La galerie Les Filles du Calvaire fête ses 30 ans

Décidément, cette année 2026 est synonyme d'anniversaires ! La Galerie Les Filles du Calvaire ne manque pas la fête en célébrant ses trente années d'existence. Retour sur l'histoire d'une galerie devenue incontournable dans la capitale.

Thibault Loucheux-Legendre
Thibault Loucheux-Legendre  - Rédacteur en chef / Critique d'art
5 mn de lecture

La Galerie les Filles du Calvaire est née d’un hasard. Au milieu des années 1990, Stéphane Magnan travaille dans la métallurgie et cherche un espace pour habiter à Paris. Il tombe amoureux d’un lieu situé rue des Filles du Calvaire dans le 3e arrondissement de la capitale : « La galerie est une conséquence du bâtiment. C’était un bâtiment que j’avais repéré à un moment où je voulais habiter Paris. Le propriétaire n’a pas voulu me le vendre car il trouvait que mon offre était dérisoire, donc je suis allé habiter ailleurs. Un an plus tard, il m’a rappelé pour savoir si je voulais toujours ce bâtiment car il était dans une situation financière compliquée et il a accepté mon offre. J’avais beaucoup d’amis artistes et en parlant avec eux, on a décidé d’en faire une galerie. »

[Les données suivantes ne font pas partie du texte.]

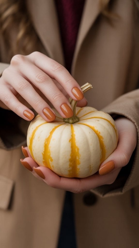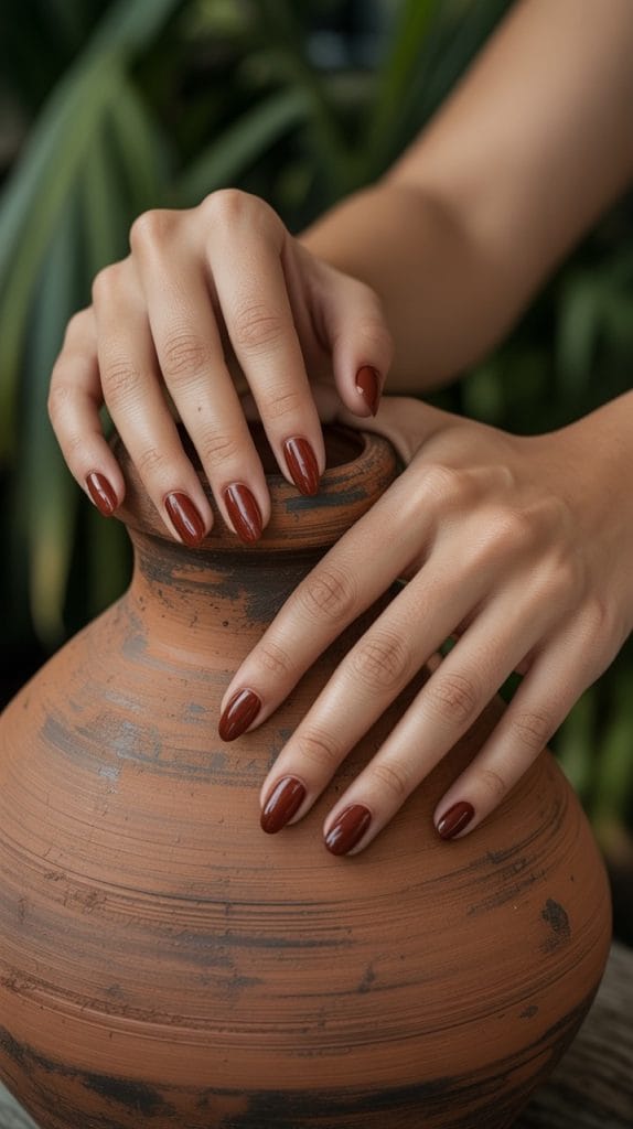 Terracotta nails offer an earthy and warm vibe that’s perfect for fall. This deep, reddish-brown shade is both bold and sophisticated, making it an ideal choice for those who want to embrace the season’s colors.
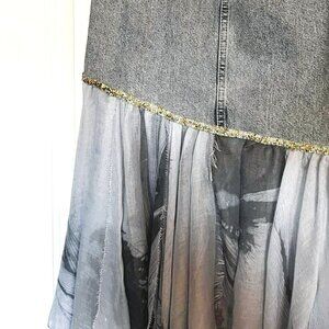 A unique handmade designer skirt created using a fashionable contrast of textures — structured denim paired with lightweight, flowing viscose. This mix reflects a modern fashion trend and creates a striking, artistic silhouette with beautiful movement.

S’ensuit une première exposition dans l’espace brut, qui est synonyme de succès. Après avoir transformé l’essai, Stéphane Magnan décide de faire des travaux pour sa galerie qui ouvre en 1996.

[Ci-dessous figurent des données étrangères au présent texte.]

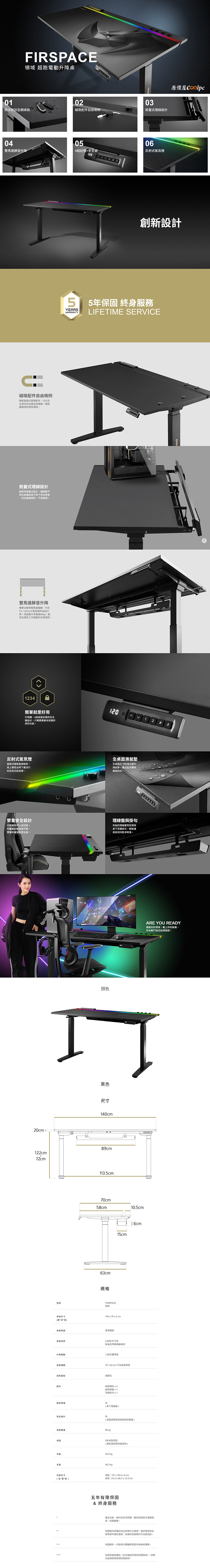 【活動商品】:Marsrhino Firspace (領域)電競桌-電動升降/全鋼桌板/雙靜音馬達/140×70/耐重80kg/Rgb, $14500
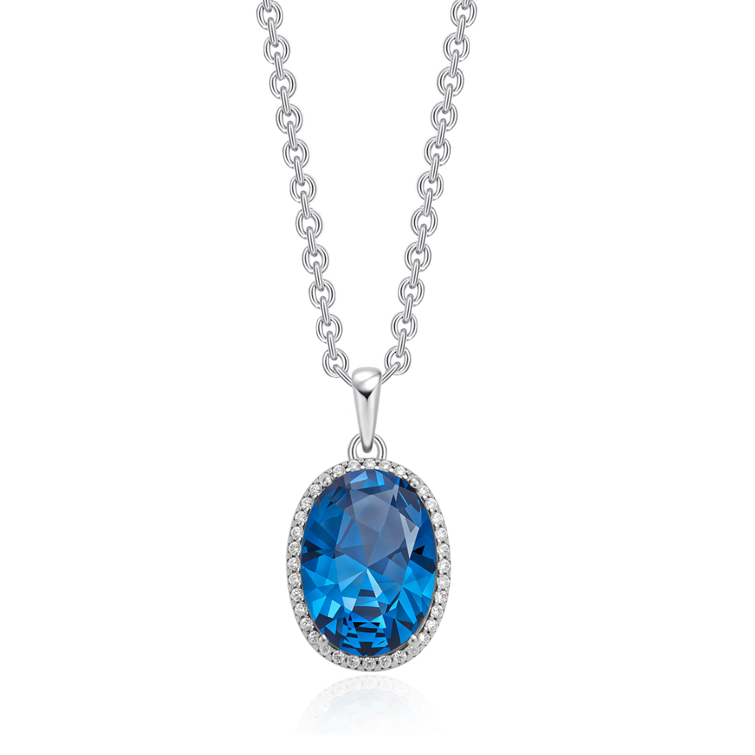 En eksklusiv rhodineret sølvhalskæde med et ovalt vedhæng, prydet med en strålende syntetisk London blå topas omgivet af funklende syntetiske cubic zirconia. Kombinationen af den dybblå sten og de klare zirkoner skaber et luksuriøst og elegant udtryk. Den rhodinerede overflade giver ekstra glans og beskytter mod anløbning – perfekt til både hverdag og fest.
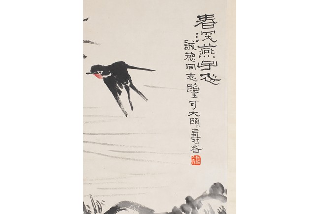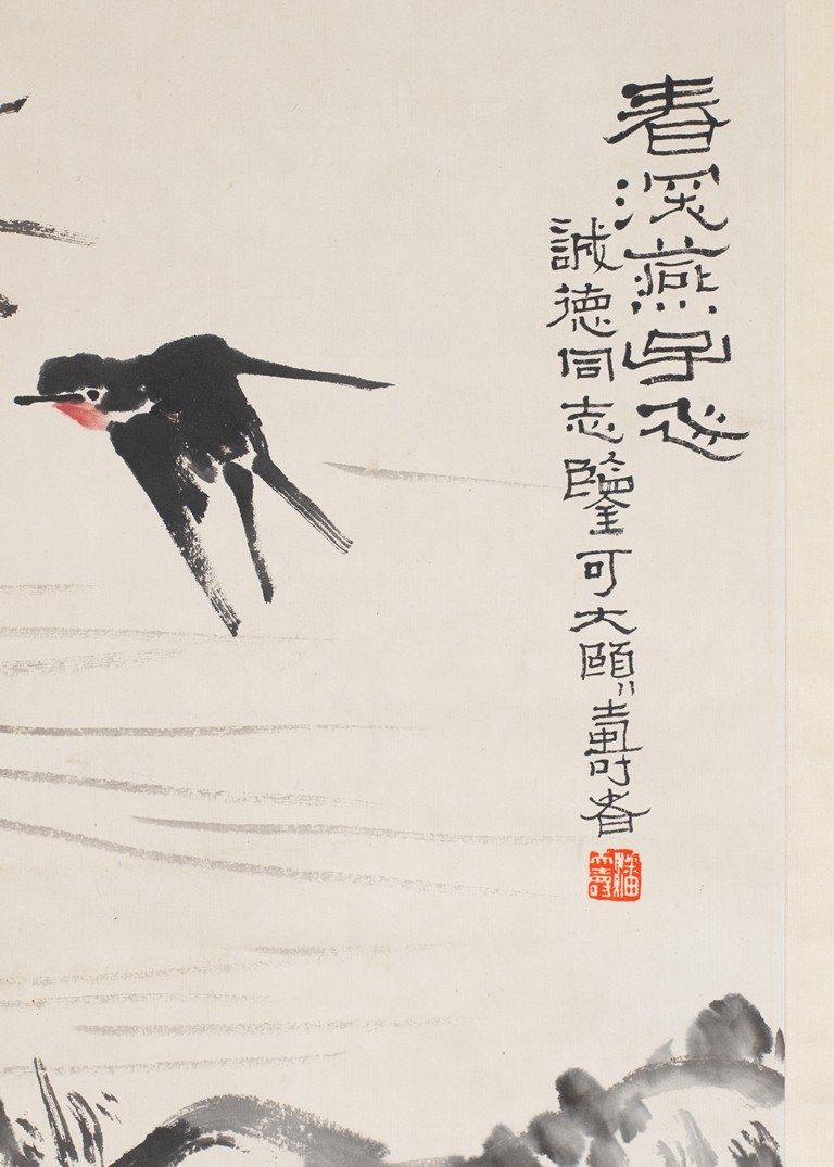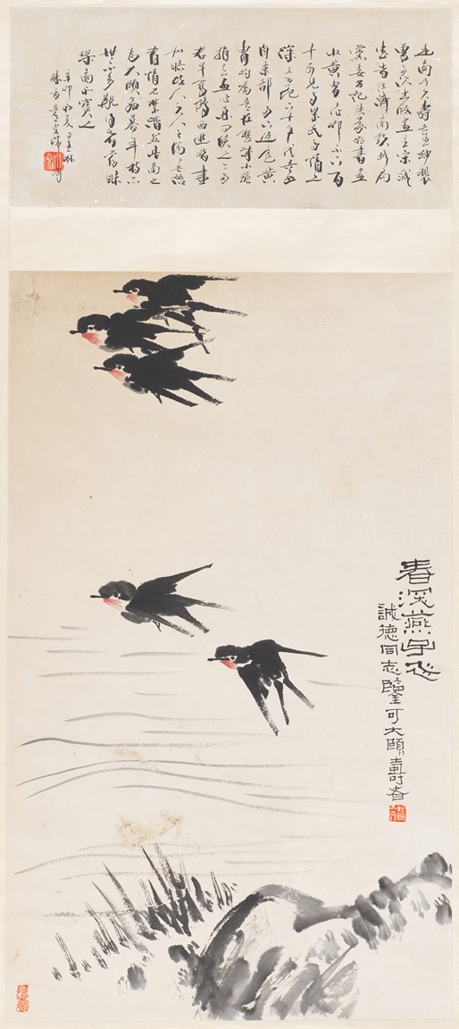 PAN TIANSHOU: COLOR AND INK ON PAPER 'SWALLOWS' PAINTING 潘天壽 春深燕子飛 設色紙本 立軸
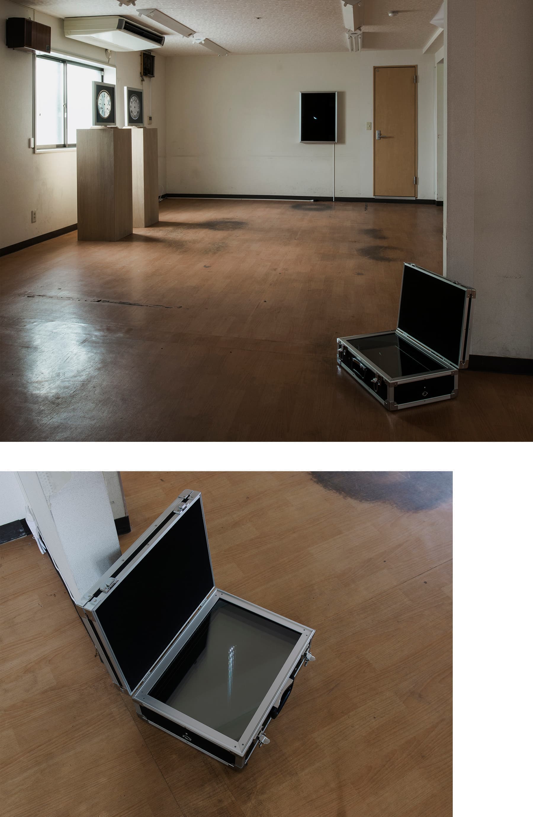 経年劣化による時の現れは、会場の北斗ビルの空間の至る所にも顕在し、窓から差し込む光に照らされている。
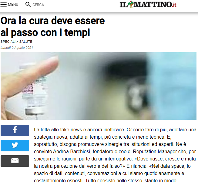 Il Mattino intervista Andrea Barchiesi, Fondatore e CEO di Reputation Manager, sugli obiettivi di Fondazione MESIT – Fondazione per la Medicina Sociale e l’Innovazione Tecnologica.
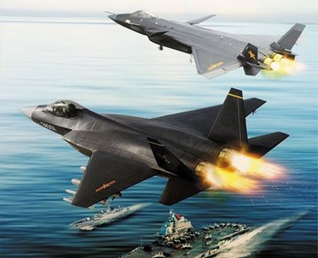 Đồ họa J-20 và J-31 tham gia tác chiến cùng tàu sân bay Liêu Ninh của Trung Quốc. |

Marie Magnier rejoint l’aventure en 2000 et accompagne les nombreux projets de la galerie, notamment les ouvertures de nouveaux espaces : « Quand je suis arrivée, pas longtemps après, nous avons ouvert un espace à Bruxelles, que nous avons conservé une dizaine d’années. J’ai accompagné beaucoup de choses, dont l’ouverture du deuxième espace rue Chapon. Après le confinement, on s’est posé la question de l’évolution de la galerie dans un contexte qui avait changé. En ayant un seul espace, nous étions limités pour montrer les artistes de la galerie. » Des projets qui sont ponctués par l’arrivée de nouveaux artistes, les expositions en galerie, mais aussi des participations aux foires comme Art Paris, Paris Photo, Art Bruxelles, Art Genève…

Pour ce qui est de la ligne artistique, la galerie ne se limite pas, comme nous l’explique Stéphane Magnan : « Il n’y a pas de ligne esthétique à proprement parler. J’ai toujours été friand de toutes sortes d’expressions artistiques.

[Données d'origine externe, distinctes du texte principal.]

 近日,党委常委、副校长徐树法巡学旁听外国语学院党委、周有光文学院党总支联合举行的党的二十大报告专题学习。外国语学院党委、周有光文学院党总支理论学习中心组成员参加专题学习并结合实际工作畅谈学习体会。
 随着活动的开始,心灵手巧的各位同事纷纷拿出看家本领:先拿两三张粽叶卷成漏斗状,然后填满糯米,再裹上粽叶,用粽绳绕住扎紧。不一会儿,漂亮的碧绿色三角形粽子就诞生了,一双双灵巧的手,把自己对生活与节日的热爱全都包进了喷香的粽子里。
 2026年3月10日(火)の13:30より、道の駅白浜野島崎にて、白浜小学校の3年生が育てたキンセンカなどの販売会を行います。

Je ne m’étais pas vraiment rendu compte à l’époque de l’ouverture de la galerie que la photographie était une forme d’art. Pour moi, c’était plutôt de l’ordre du document et nous sommes arrivés au moment où la photographie plasticienne a commencé à émerger. On souhaite vraiment montrer toutes sortes de formes. Nous ne sommes pas figuratifs ou abstraits… on a les deux. »

Les galeristes souhaitent plutôt développer un esprit et un message pour définir l’identité de la galerie, en choisissant des artistes engagés. Ces derniers doivent avoir une réflexion et un regard sur l’état de nos sociétés contemporaines. Autre volonté : défendre la jeune création avec des artistes comme Clara Rivault, Léo Fourdrinier ou Jérémy Cosimi, tout en présentant des créateurs confirmés comme Karen Knorr ou Olivier Mosset. Aujourd’hui, la galerie compte environ 35 artistes.

Si un anniversaire est l’occasion de faire un point sur le travail accompli, c’est aussi une bonne opportunité de regarder vers l’avenir.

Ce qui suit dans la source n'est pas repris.